There are several programs around the world in which physicians prescribe trips to cultural institutions for patients experiencing depression, anxiety, and other mental health challenges, including Brugmann University Hospital in Belgium, the Massachusetts-based CultureRx program, and the Greek Ministry of Culture. In Brussels, doctors prescribe free trips to one of five participating cultural institutions, including exploring the city’s historic sewer system (okay, that wouldn’t be my first choice) or browsing costumes at the GardeRobe museum. Funded by the Mass Cultural Council, the CultureRx program “promotes patient engagement with arts, science and culture” and a three-year pilot yielded positive results.

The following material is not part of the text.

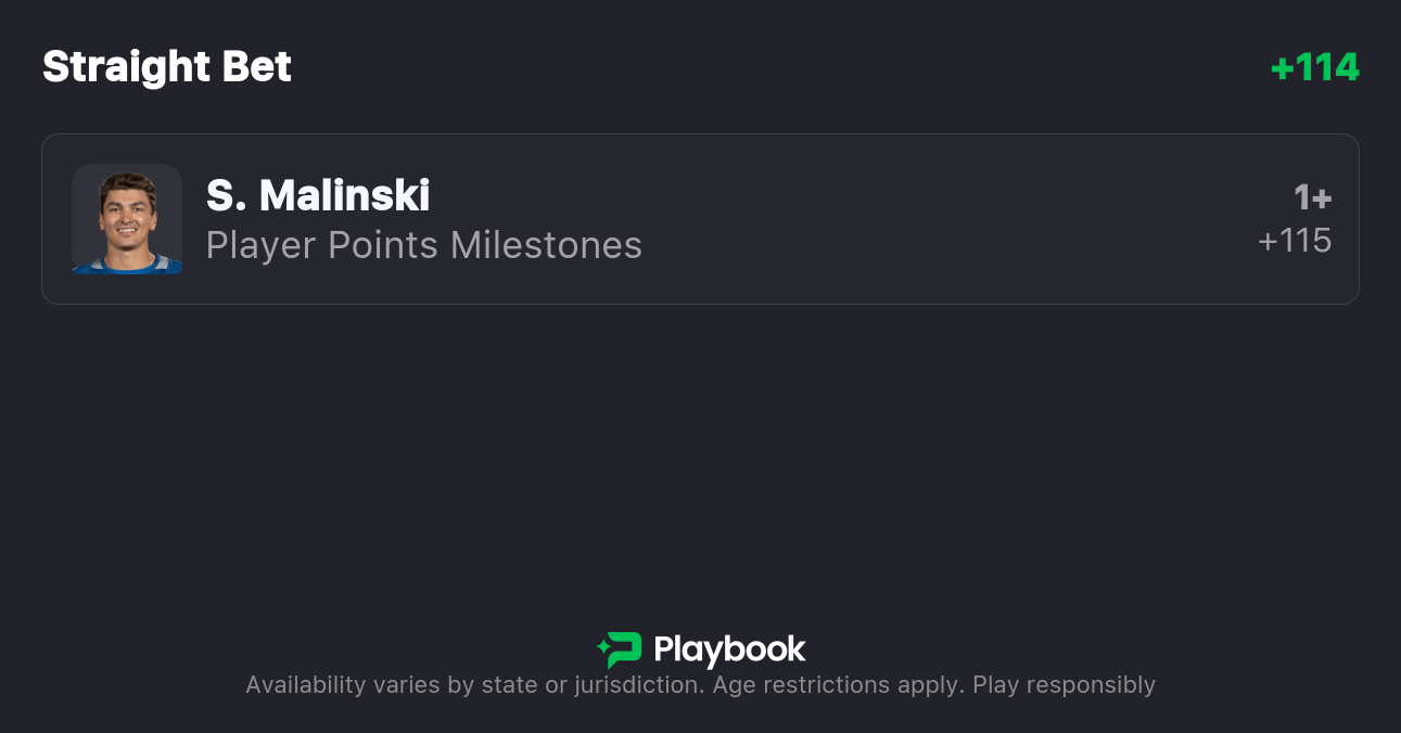 Pick: Sam Malinski Over 0.5 Points +115 (Play to +105)

For Greek citizens, arts institutions like the National Museum of Contemporary Art and the Athens State Orchestra are participating in cultural prescription services.

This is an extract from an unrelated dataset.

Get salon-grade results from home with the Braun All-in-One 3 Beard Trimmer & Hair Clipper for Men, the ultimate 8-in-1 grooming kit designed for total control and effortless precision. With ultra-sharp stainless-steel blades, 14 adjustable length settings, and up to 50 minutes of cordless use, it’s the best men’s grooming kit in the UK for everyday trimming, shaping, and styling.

“Culture is now more than mere leisure,” the report says, “offering moments of restorative wellness and a way to engage meaningfully with the world.”

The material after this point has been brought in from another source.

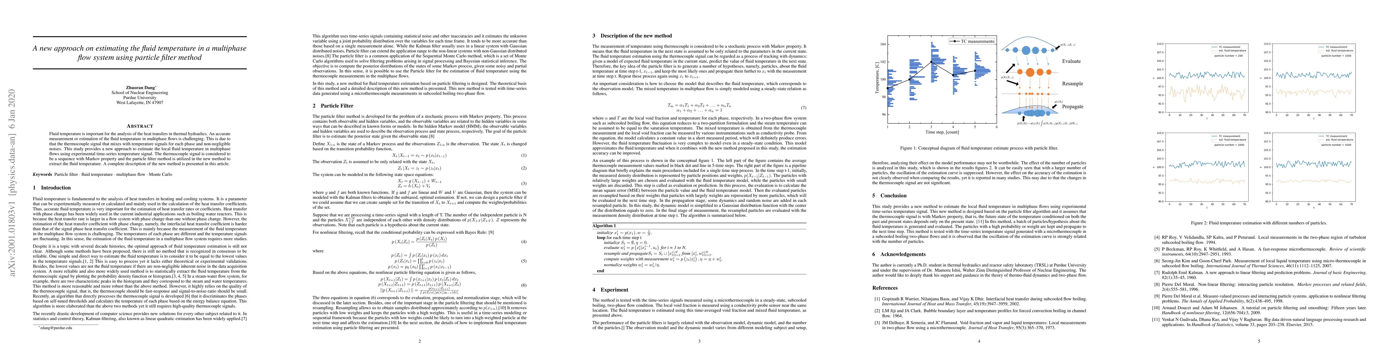 This paper introduces a novel method for estimating fluid temperature in multiphase flow systems using particle filter techniques, focusing on extracting accurate temperature signals from noisy thermocouple data with Markov properties. The proposed approach aims to improve the analysis of heat transfer in thermal hydraulics.

For several years now, financial planners have been using the term “rewirement” when working with those looking to retire, according to the Wunderman Thompson report. “Now it’s become a more expansive term that encompasses parts of people’s lives beyond the financial.”
Rewirement is a way of describing the trend for people of a certain age to leave their careers and yet continue to pursue interests or work as productive members of society. “Post-pandemic,” the report says, “life and work are taking on a whole new meaning, particularly in later decades. Rewirees are reassessing their priorities, rediscovering themselves, and dedicating time to their passions and their families.”
Like many of the trends Wunderman Thompson lists in its annual report, this one just scratches the surface. “Rewirement” works for those who are fortunate enough to have saved enough to have the financial freedom to pursue their passions in their later years. But that’s not the case for everyone. A recent Bloomberg Business article (paywall) called retirement “the slowest moving financial crisis of our time.” The article focuses on the soaring state pension costs in developed countries and the near-universal agreement among economists that we’ll all need to work for longer.
RELATED: Read Senior Editor Jennifer N. Dienst’s take on Rewirement.
The bottom line is that those in retirement who have a financial imperative to augment their pension or Social Security or those in rewirement who choose to remain part of the workforce in some way are a demographic organizations would do well to consider. For the business events industry, this is a group whose decades of experience can be leveraged for project work and on-site responsibilities.
More than 2 million workers retired in the U.S. during the first 18 months of the pandemic and “they now appear to be heading back to work in what might be best described as quiet returning,” according to a recent Forbes article. The article cites survey data from Joblist that indicates that more than a quarter of those returning to work were doing so because they needed the income and one out of five “feared that inflation was eroding their retirement nest egg.”
But the survey found that three out of five retirees returning to work “said they were simply ‘looking for something to do’” and were pursuing flexible roles. “According to Joblist CEO Kevin Harrington, ‘Many people… miss the social connection that work provides.” Older workers reentering the workforce “could be good news for employers,” Harrington told Forbes. “Retirees are an overlooked talent pool that companies can and should engage in order to combat labor shortages.”
Michelle Russell is editor in chief of Convene.